┌──
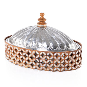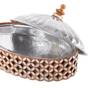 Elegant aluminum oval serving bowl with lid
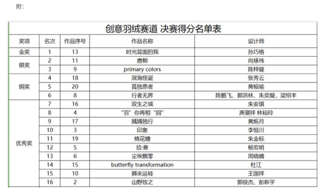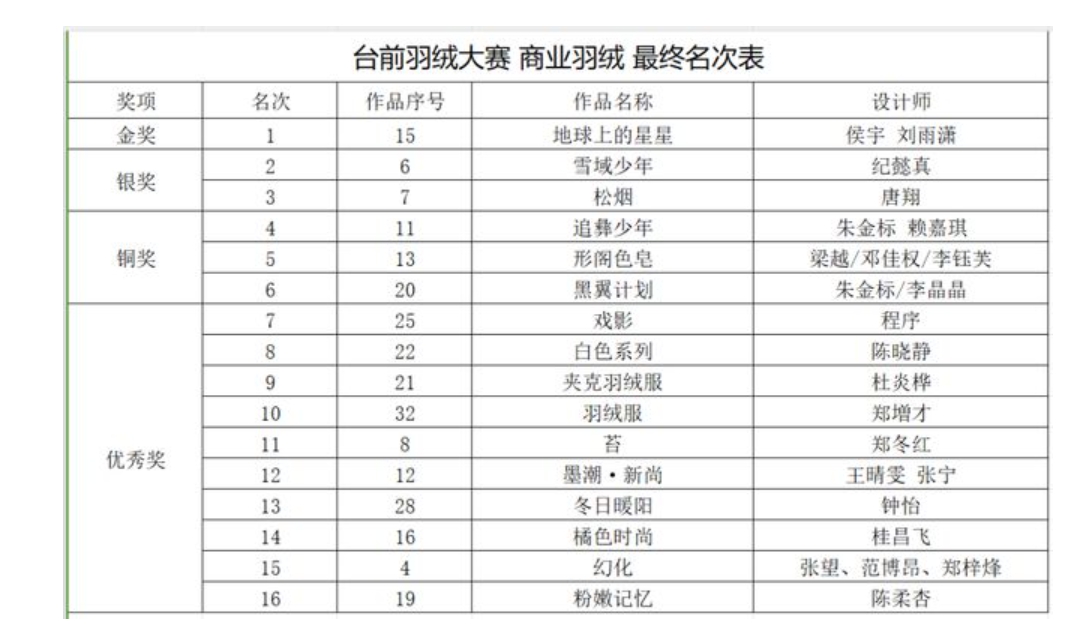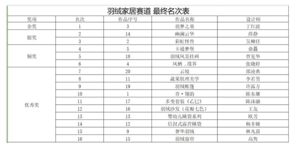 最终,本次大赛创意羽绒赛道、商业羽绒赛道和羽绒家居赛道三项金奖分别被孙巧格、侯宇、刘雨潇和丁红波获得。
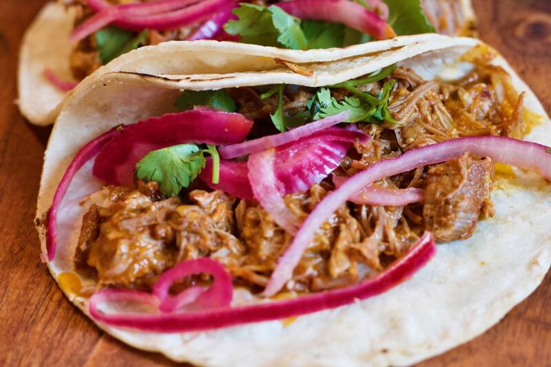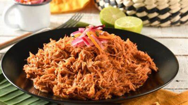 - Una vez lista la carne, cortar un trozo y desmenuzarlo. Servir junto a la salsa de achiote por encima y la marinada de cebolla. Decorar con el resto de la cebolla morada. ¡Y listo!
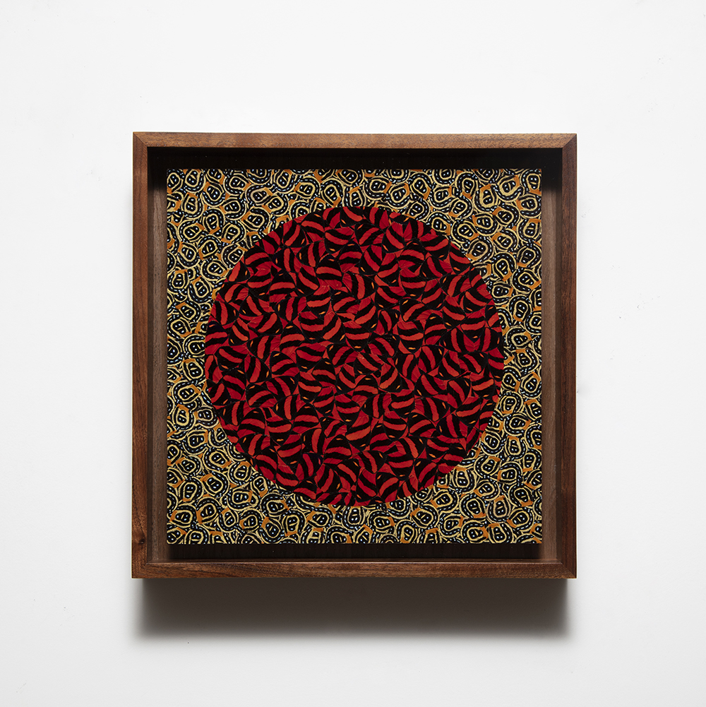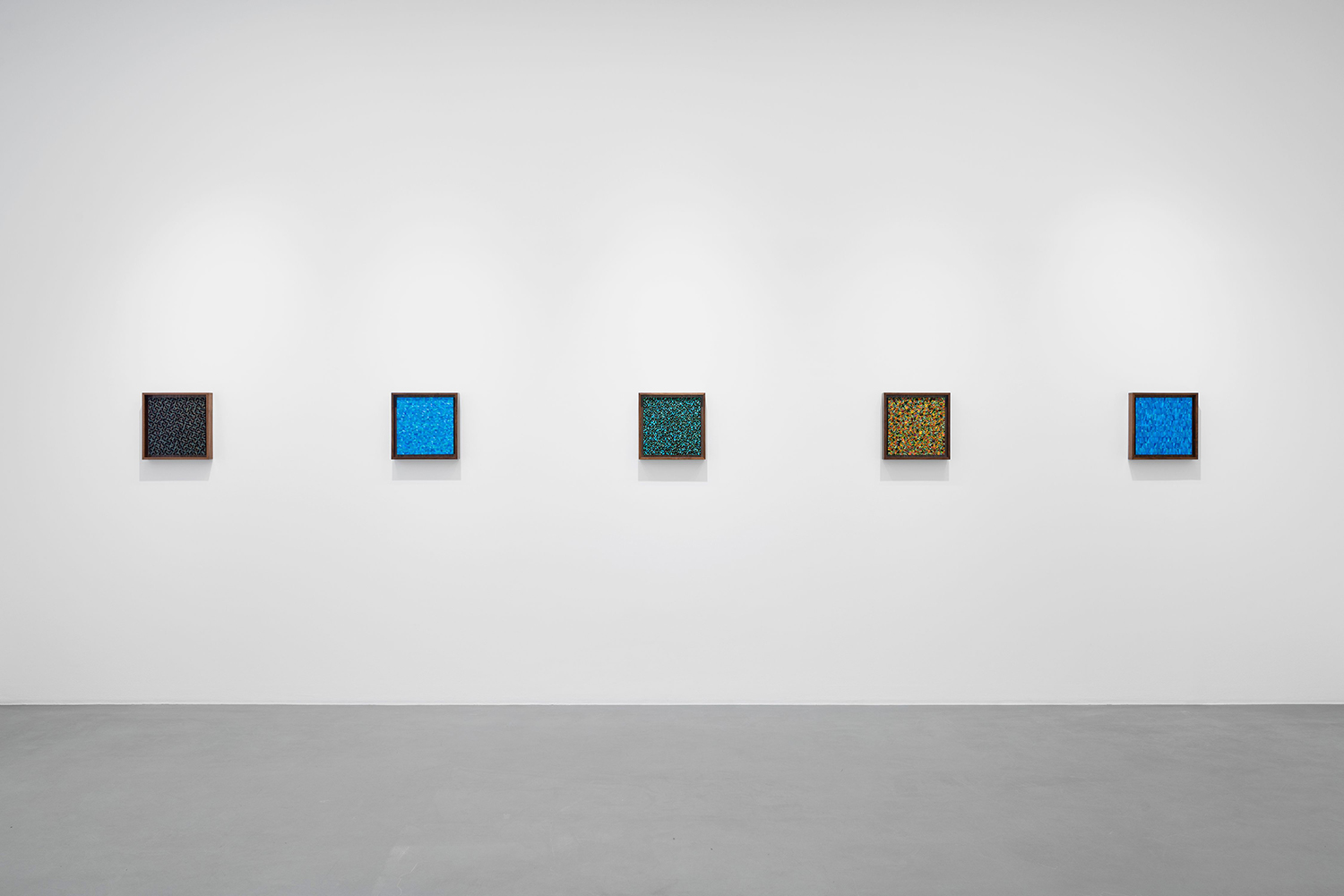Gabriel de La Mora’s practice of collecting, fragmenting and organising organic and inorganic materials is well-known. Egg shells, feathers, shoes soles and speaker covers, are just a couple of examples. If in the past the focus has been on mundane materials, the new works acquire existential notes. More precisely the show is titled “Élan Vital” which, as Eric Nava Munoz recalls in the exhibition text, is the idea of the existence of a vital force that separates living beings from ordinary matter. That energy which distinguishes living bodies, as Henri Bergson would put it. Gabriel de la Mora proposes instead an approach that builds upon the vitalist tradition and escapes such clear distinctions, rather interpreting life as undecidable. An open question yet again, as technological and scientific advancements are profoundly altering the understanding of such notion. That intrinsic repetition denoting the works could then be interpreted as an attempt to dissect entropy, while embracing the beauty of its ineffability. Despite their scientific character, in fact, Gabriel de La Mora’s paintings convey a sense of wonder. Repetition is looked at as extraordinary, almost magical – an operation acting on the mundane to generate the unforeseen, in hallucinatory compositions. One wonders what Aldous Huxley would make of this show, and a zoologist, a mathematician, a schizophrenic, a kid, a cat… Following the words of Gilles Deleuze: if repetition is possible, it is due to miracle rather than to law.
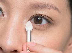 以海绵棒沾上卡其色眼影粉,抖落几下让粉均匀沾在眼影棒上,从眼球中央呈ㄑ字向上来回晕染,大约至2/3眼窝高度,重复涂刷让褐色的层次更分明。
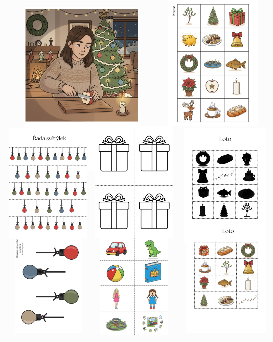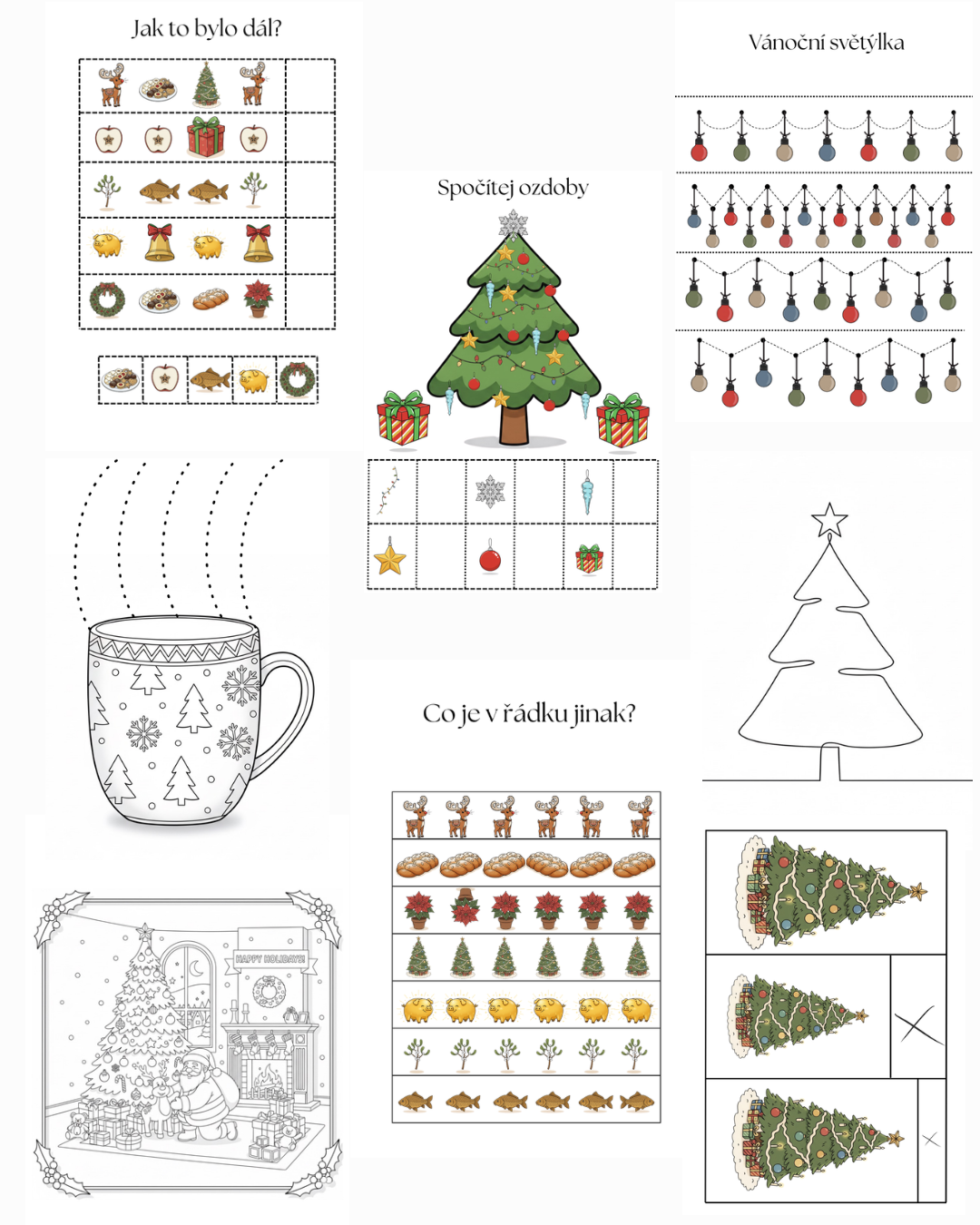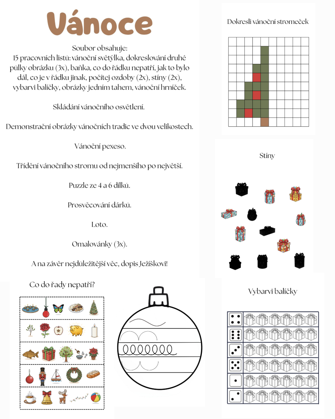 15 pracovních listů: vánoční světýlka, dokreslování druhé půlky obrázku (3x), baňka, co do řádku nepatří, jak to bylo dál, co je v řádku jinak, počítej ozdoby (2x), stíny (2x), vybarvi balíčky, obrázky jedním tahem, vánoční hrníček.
└──
Exercise aim.
Please transcribe all of the records above exactly, leaving out any pictures.

Result for this exercise.
 Elegant aluminum oval serving bowl with lid
 最终,本次大赛创意羽绒赛道、商业羽绒赛道和羽绒家居赛道三项金奖分别被孙巧格、侯宇、刘雨潇和丁红波获得。
 - Una vez lista la carne, cortar un trozo y desmenuzarlo. Servir junto a la salsa de achiote por encima y la marinada de cebolla. Decorar con el resto de la cebolla morada. ¡Y listo!
Gabriel de La Mora’s practice of collecting, fragmenting and organising organic and inorganic materials is well-known. Egg shells, feathers, shoes soles and speaker covers, are just a couple of examples. If in the past the focus has been on mundane materials, the new works acquire existential notes. More precisely the show is titled “Élan Vital” which, as Eric Nava Munoz recalls in the exhibition text, is the idea of the existence of a vital force that separates living beings from ordinary matter. That energy which distinguishes living bodies, as Henri Bergson would put it. Gabriel de la Mora proposes instead an approach that builds upon the vitalist tradition and escapes such clear distinctions, rather interpreting life as undecidable. An open question yet again, as technological and scientific advancements are profoundly altering the understanding of such notion. That intrinsic repetition denoting the works could then be interpreted as an attempt to dissect entropy, while embracing the beauty of its ineffability. Despite their scientific character, in fact, Gabriel de La Mora’s paintings convey a sense of wonder. Repetition is looked at as extraordinary, almost magical – an operation acting on the mundane to generate the unforeseen, in hallucinatory compositions. One wonders what Aldous Huxley would make of this show, and a zoologist, a mathematician, a schizophrenic, a kid, a cat… Following the words of Gilles Deleuze: if repetition is possible, it is due to miracle rather than to law.
 以海绵棒沾上卡其色眼影粉,抖落几下让粉均匀沾在眼影棒上,从眼球中央呈ㄑ字向上来回晕染,大约至2/3眼窝高度,重复涂刷让褐色的层次更分明。
 15 pracovních listů: vánoční světýlka, dokreslování druhé půlky obrázku (3x), baňka, co do řádku nepatří, jak to bylo dál, co je v řádku jinak, počítej ozdoby (2x), stíny (2x), vybarvi balíčky, obrázky jedním tahem, vánoční hrníček.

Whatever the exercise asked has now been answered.